The review decision didn’t make any address to this save to say it didn’t make the accommodation unsuitable.
The Circuit Judge noted that this was a twice a day journey for the school age children and a four times a day journey for the mother and youngest child.
A journey of this type of difficulty, going into the centre of London during very busy times for the transport system and then going out again to be able to get to the school, that difficulty of journey might well have been appropriate or manageable for a very short period of time; it becomes potentially less manageable and less appropriate as time goes on, and if it is intended that children are going to have that journey for a number of years, as they are starting at and then developing through their primary school years, then there needed to be express consideration of the difficulties, or potential difficulties, in relation to that, express consideration as to whether that was something that needed to be thought about further and they needed to be safeguarded in relation to the problems associated with that, both in terms of their development and in terms of their ability to have a fulfilling life within and without school as well, and I think the reviewer failed in that regard.

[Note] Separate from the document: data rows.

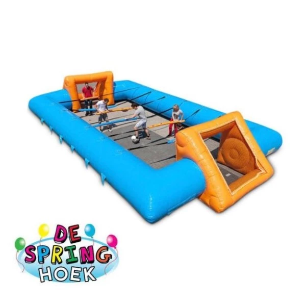 Dit leuke, sportieve levend tafelvoetbalspel is gebaseerd op het tafelvoetbalspel, maar het leuke aan dit spel is dat de spelers de levende voetballers zijn! Je zit met een handvat vast aan de “stangen” binnen de boarding. Door het unieke schuifsysteem kun je gemakkelijk heen en weer schuiven. Door de hoge boarding zal de bal niet zo snel buiten het veld worden getrapt. Scoor jij met je team de meeste doelpunten.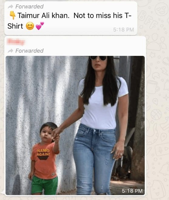 The photograph of Taimur has also been shared on WhatsApp with the same caption – ‘Taimur Ali khan….Not to miss his T Shirt’.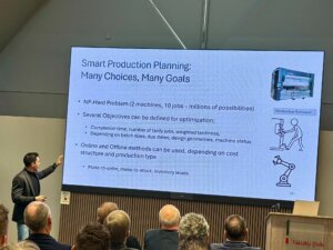 Vervolgens ging Prof. Matthias Verbeke (KU Leuven, campus Brugge) in op de rol van AI in moderne productieomgevingen. Hij besprak hoe bedrijven data kunnen inzetten om onderhoud te voorspellen, kwaliteit te verbeteren en processen te optimaliseren.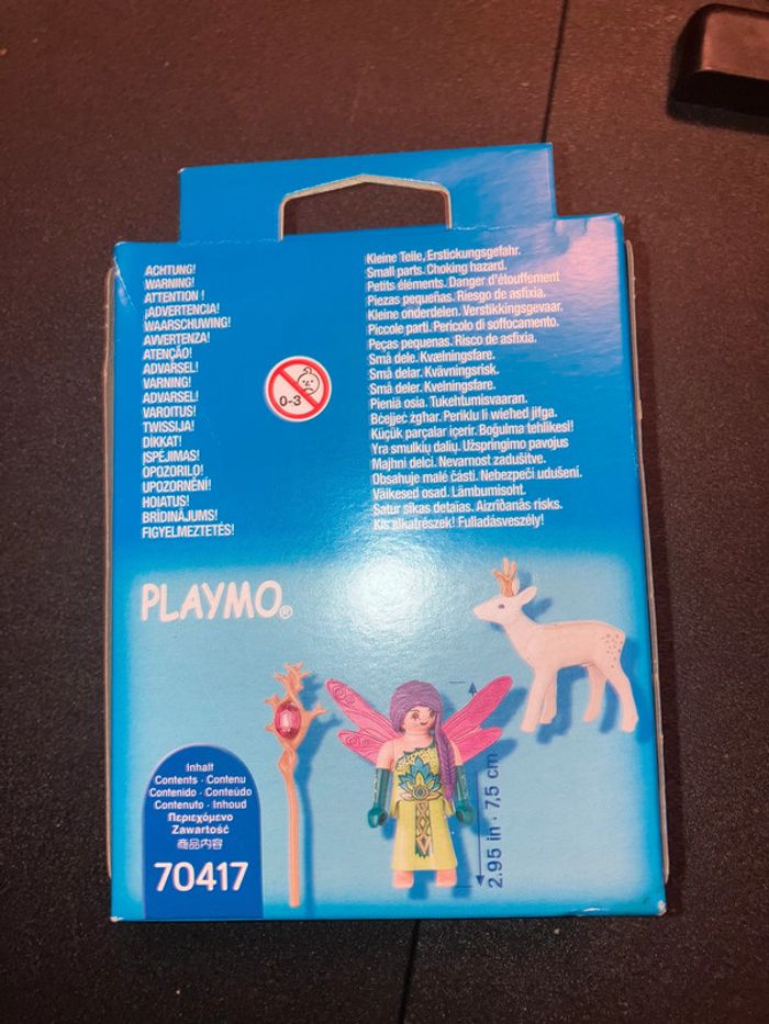 Playmobil 70417 - Fée avec Cerf magique (boîte un peu abimée sur le dessus) Dans sa boite, jamais ouvert, mais la boîte est un peu enfoncée sur le dessus. Je revends ma petite collection de Playmobil donc il y en a d'autres dans mon dressing =)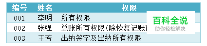 这时会弹出“操作员权限”对话框,点击左边列表中的操作员101李明,可以看到该操作员在100账套中已经拥有所有的操作权限。

The decision on s.193 suitability is surely right. There can be no separate subcategory of ‘temporary accommodation’. The ‘length of time’ being a factor in assessing suitability will remain contentious, I suspect. It appears that in this case, it was envisaged by the council that the appellant may be in the accommodation for years (as per the Nzolameso discussion), and it is hard to see how the stay being conceived of as ‘temporary’ can make any meaningful difference to suitability when the period involved is so long. A stay for a matter of days or weeks, perhaps, but not a year or more.
The regard to children point is worth attention. This is only a County Court appeal, not Court of Appeal, but it strikes me as setting out the consequences of the need to have regard to the children clearly and effectively. And as the number of out of borough/cross London accommodation placements continues to rise, faster than ever, this is significant.
In this instance, the travel time to the childrens’ school was simply not addressed in relation to its impact on the children. This review decision is far from alone in that.
Nor, I would suggest, would a simple assertion that the children could move school to the area of the accommodation suffice, not without an investigation of the availability of places, and any other support that might be in place. Review letters simply stating ‘they’ve got schools in Birmingham’ with nothing more (yes, these exist) would surely not meet the due regard to the needs of children test.
May I also say that it is a pleasure to see the Circuit Judge, HHJ Parfitt, spend considerable care to make the judgment as clear and comprehensible as possible to the appellant, who was there, and also to give the outcome at the start rather than make her wait. While explaining the intricacies of s.193 obligations might, in the end, be impossible to put wholly in lay terms, the judgment strikes me as a model of clarity and decency in the way it is expressed. There should very definitely be more of this.